Introduce support mechanisms including public authority or EIB guarantees, fiscal measures (tax incentives for either savers/investors or institutions), and technical assistance grants in order to stimulate investment in emerging sectors within the sustainable economy which still carry the risks of an immature market.

Sustainability levy for financial assets

Create a levy mechanism to penalise or reward financial institutions for the sustainability outcomes (such as climate risk) of specific assets as an alternative to using capital weightings. Levies on unsustainable assets could fund market support for sustainable assets in a revenue neutral way.

A diverse financial ecosystem to grow a sustainable economy

A more diverse financial industry structure – in which financial institutions have different business models, investment horizons and risk appetites – is needed to meet the targets for the Paris Climate Agreement and Sustainable Development Goals. This means breaking down banking monocultures to foster a more diverse ecosystem of sustainable finance partners, and helping the financial community to get involved in projects at an earlier stage.

Increased financial sector diversity

Create a toolkit for European cities, regions and public authorities on how best to convene a diverse ecosystem of sustainable finance partners – including impact investors, public banks, commercial banks, values-based banks, philanthropic research/innovation funders, local banks/ credit unions, cooperatives and crowdfunding platforms together with mainstream finance and public finance institutions – to avoid the sector being dominated by one business model.

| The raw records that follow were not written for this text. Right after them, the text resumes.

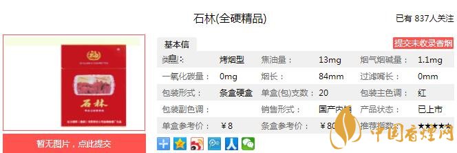 石林全硬精品是石林品牌系列的高品位卷煙。該產(chǎn)品繼承和發(fā)揚(yáng)了“石林”牌系列卷煙的有毒,自然優(yōu)雅,煙氣飽滿綿長(zhǎng),煙氣醇和的,口感和余味更加干凈舒適,香氣越來越細(xì)膩柔和。只可惜目前這款石林全硬精品已經(jīng)停止生產(chǎn),市面上已經(jīng)很少見了。
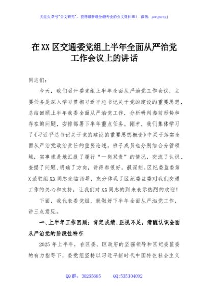 / 在XX区交通委党组上半年全面从严治党工作会议上的讲话
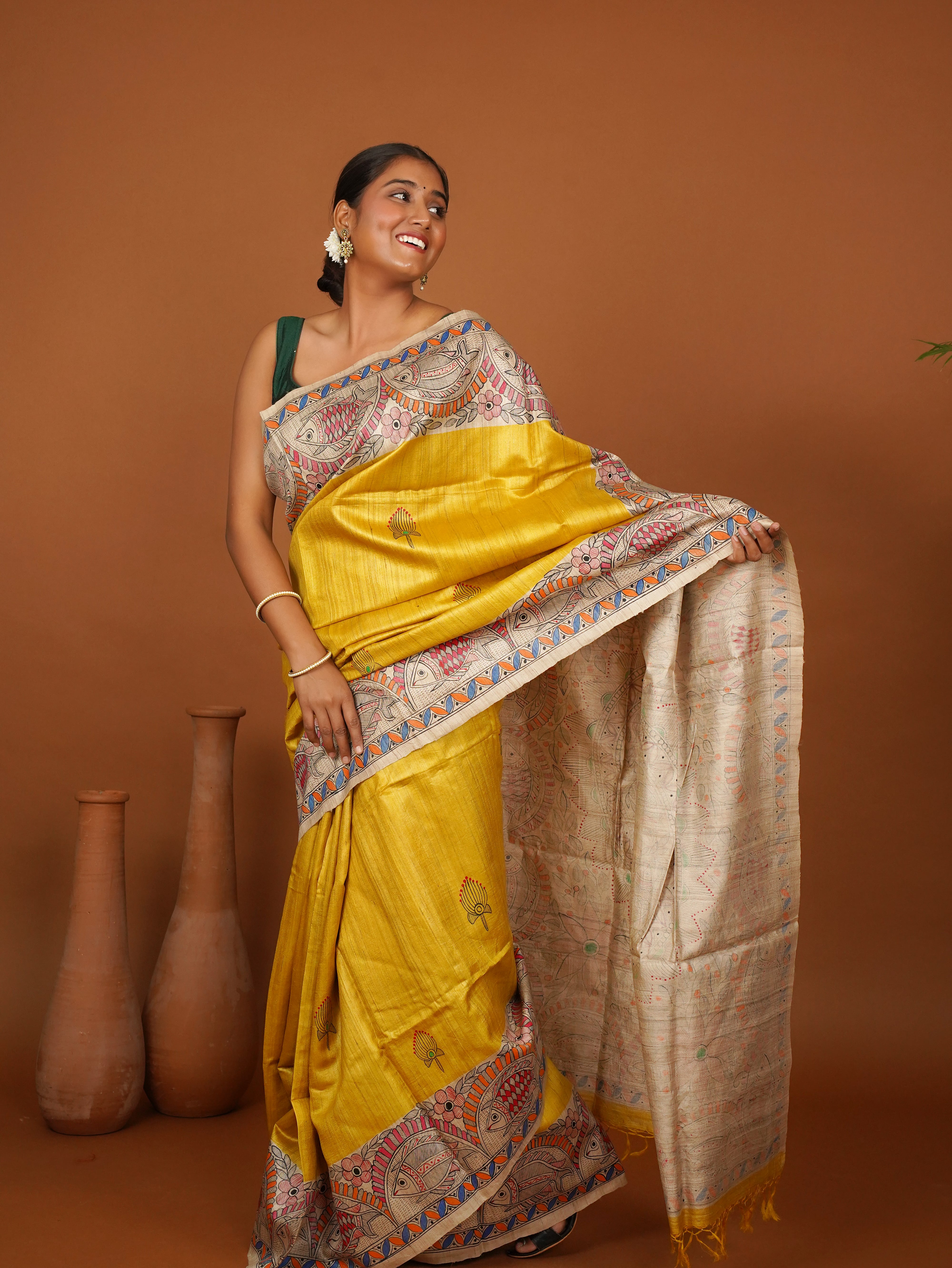 Vanraj Madhubani Painting Tussar Silk Saree β Golden Glow of Natureβs Symphony

A European hub for sustainable investments

Create ‘Sustainable Infrastructure Europe’ as a centre of expertise and catalyst, where a diverse ecosystem of sustainable finance partners can co-develop projects, develop best practices and methodologies, share information about funding, and provide connections between similar projects.

Sustainable finance for all

Most people want to invest in a sustainable future. But when it comes to the choices available to individuals in Europe, the most direct and impactful investments are rendered inaccessible by regulation in almost all Member States. Some national initiatives to promote sustainable retail investing have worked well and could be replicated at EU level.

European Sustainability Funds for citizen investors

Create a new EU regulatory regime for sustainable investment funds available to ordinary citizens – opening these up for impact investment into long-term assets, based on expanding and generalizing some tried and tested models. A “UCISS” regime (Undertakings for Collective Investments in Sustainable Securities) could build on the success of UCITS (for transferable securities).

Sustainability – the reason why finance should make money

Being a leader in sustainability and an effective partner in new sustainable developments could be a major opportunity for value creation within the financial industry. This will need new competencies and channels of accountability at every level of the organisation, and transparency about the sustainability of financial firms’ activities.

Sustainability training for finance workers

European Banking Federation to work with national banking associations to promote sustainable leadership and to encourage the uptake of accredited sustainability training and competency programs in all financial institutions.

Managing what matters most

To make real progress towards sustainability means ensuring that there is genuine focus on the long-term social, environmental and economic issues that matter, and being genuinely transparent about progress.

Reporting on sustainability

Add sustainability metrics to financial institutions’ reporting, building on the French Article 173 approach to carbon emissions reporting, so that firms report on the proportion of the balance sheet that is SDG-compliant or not, alongside standard metrics such as profit and growth.

Loyalty Shares

Adopt a common recognition of ‘L-shares’, in which investors acquire additional benefits after holding a share for a number of years, across the EU, potentially with harmonised incentives, to tilt the balance towards loyal, long-term investors and enable companies to remain more focused on the long-term issues that matter most.